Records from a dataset
________________________________________
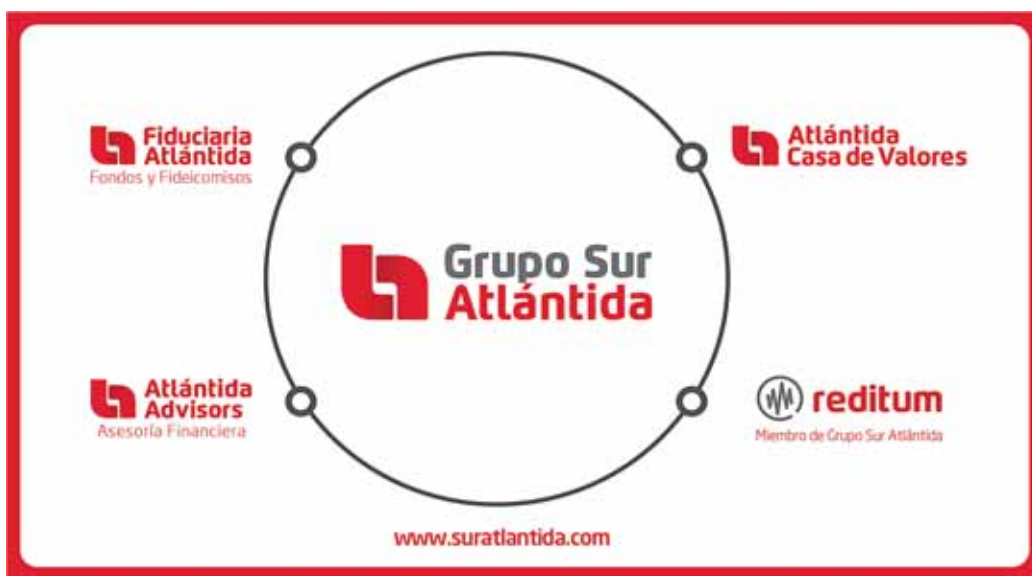
Grupo Financiero Atlántida continúa a paso firme su proceso de expansión.

“La pandemia es pasajera, es temporal, el mundo aprenderá a vivir con esto y nosotros juntos más aún”, concluyó.
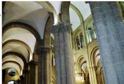
bóveda de arista
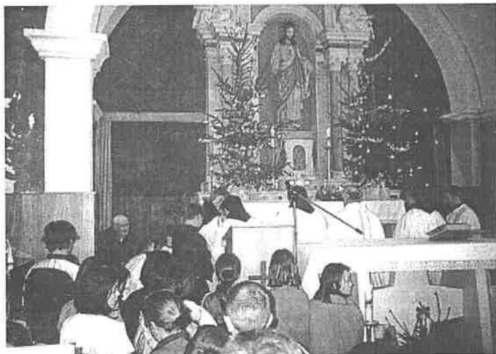
Blagoslovljeno Ime Isusovo

Ali me žena molila da još ostanem. Htjela je da zajedno upalimo svjetla na božićnom drvcu i da me počasti kavom i kolačima zato što sam dječaka svojim pričama tako divno zabavljao da je zaboravio na
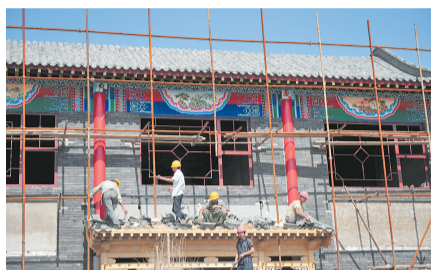
原址新建的仿古一条街——乔家金街,将再现晋商文化。
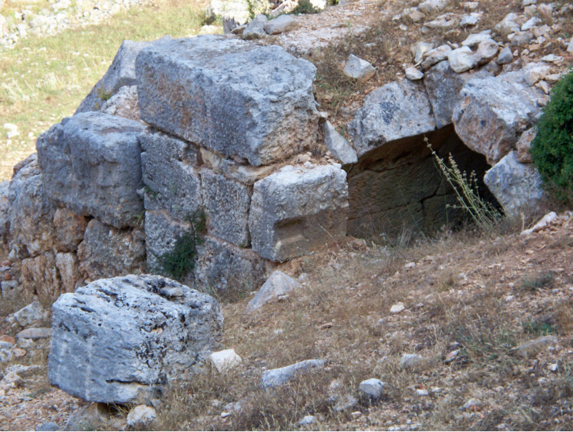
(Lev. 4) Tonoz çatıyla örtülü oda mezarın dıştan görünümü.
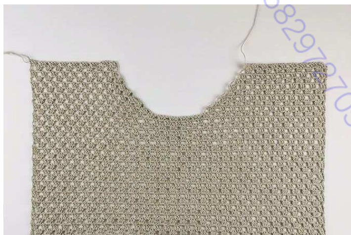
Рис. 3: Левая и правая стороны переда закончены.

Отрезать рабочую нить и протянуть ее через последнюю петлю, чтобы закрепить. Правая часть переда закончена ( рис.3 ).
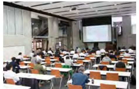
本部開催のセミナー
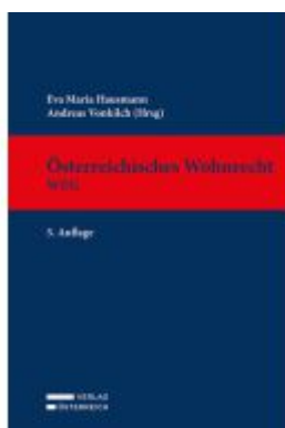
Österreichisches Wohnrecht - WEG Ladenpreis: 289,00EUR
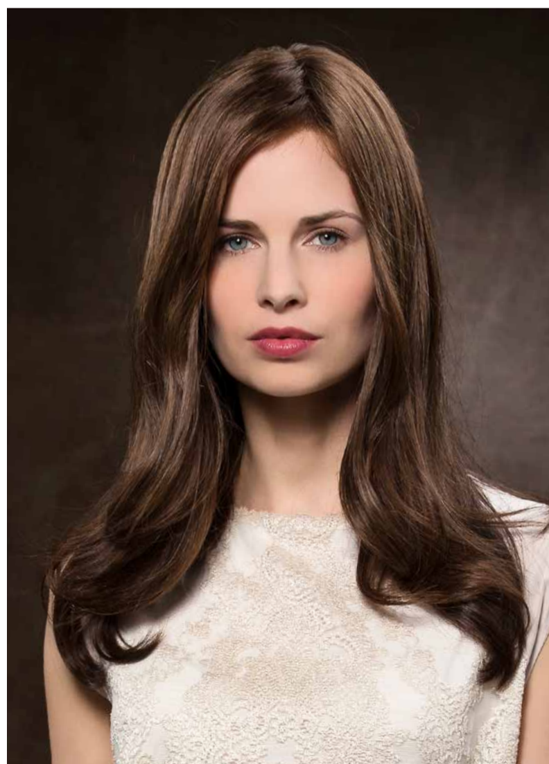
TRAVIATA RH 6/10-6
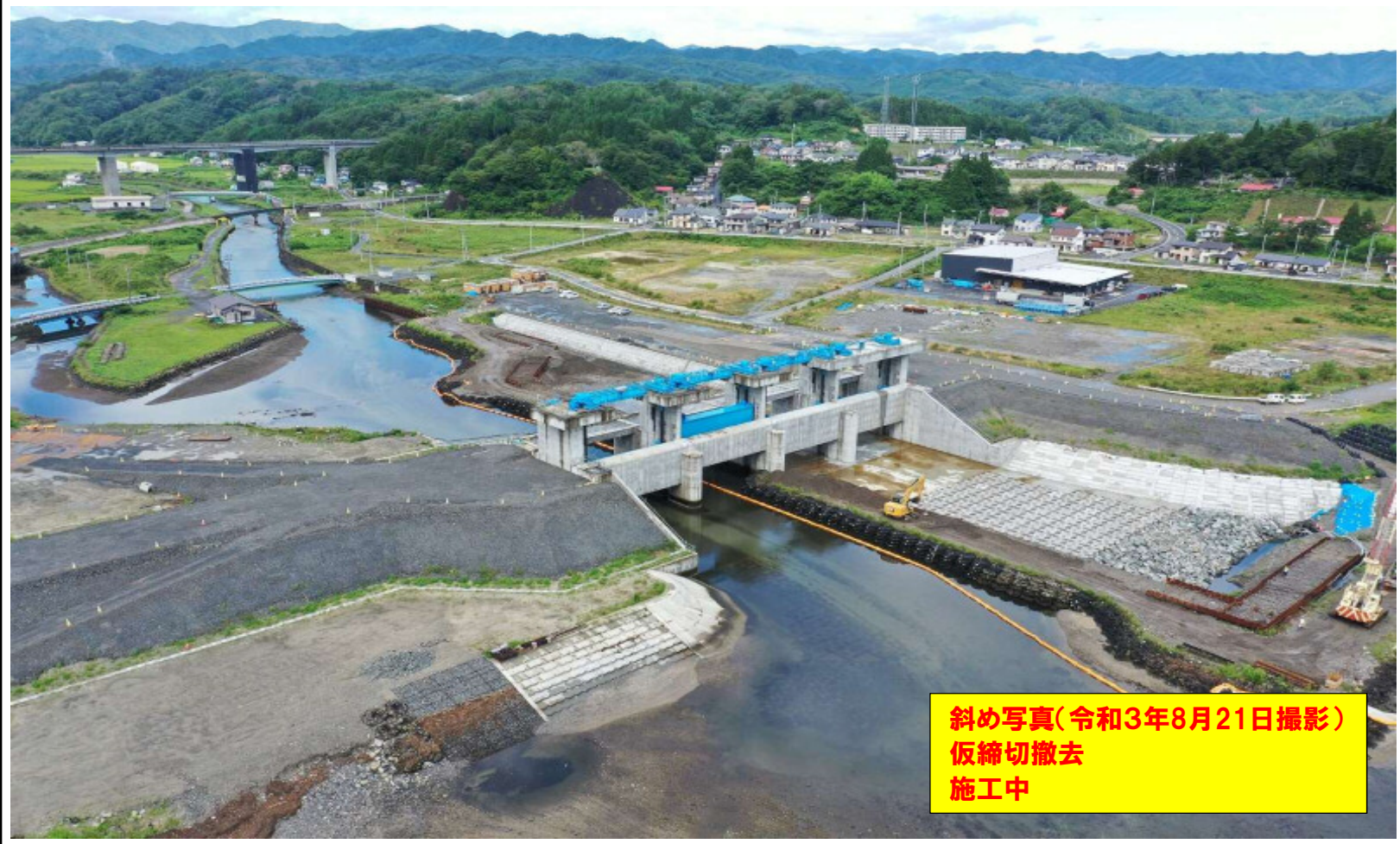
斜め写真(令和3年8月21日撮影) 仮締切撤去 施工中
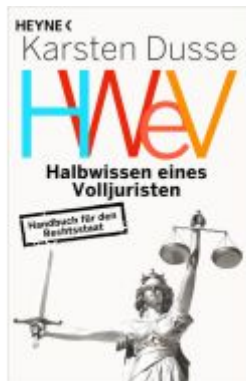
Halbwissen eines Volljuristen Ladenpreis: 12,40EUR
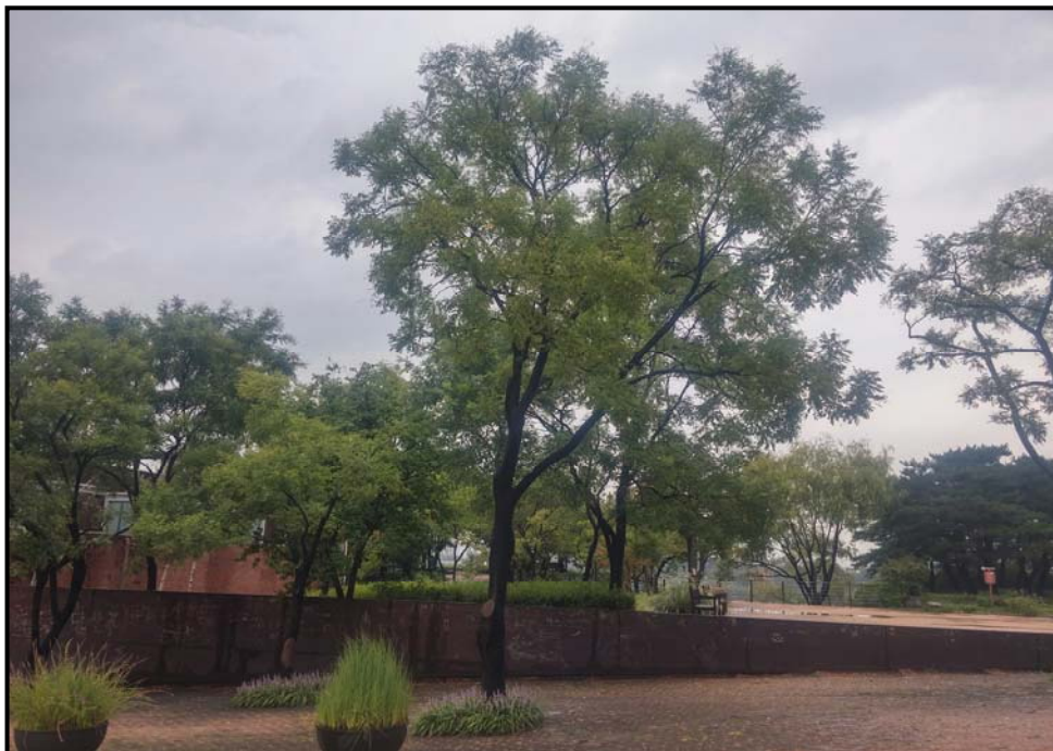
수관 숙기 후
________________________________________
> **Instructions for the task**
Starting at the line that contains "Ali me žena", write out every line through the final line of the entries, word for word; skip any pictures.

> **Task output**
Ali me žena molila da još ostanem. Htjela je da zajedno upalimo svjetla na božićnom drvcu i da me počasti kavom i kolačima zato što sam dječaka svojim pričama tako divno zabavljao da je zaboravio na
原址新建的仿古一条街——乔家金街,将再现晋商文化。
(Lev. 4) Tonoz çatıyla örtülü oda mezarın dıştan görünümü.
Рис. 3: Левая и правая стороны переда закончены.

Отрезать рабочую нить и протянуть ее через последнюю петлю, чтобы закрепить. Правая часть переда закончена ( рис.3 ).
本部開催のセミナー
Österreichisches Wohnrecht - WEG Ladenpreis: 289,00EUR
TRAVIATA RH 6/10-6
斜め写真(令和3年8月21日撮影) 仮締切撤去 施工中
Halbwissen eines Volljuristen Ladenpreis: 12,40EUR
수관 숙기 후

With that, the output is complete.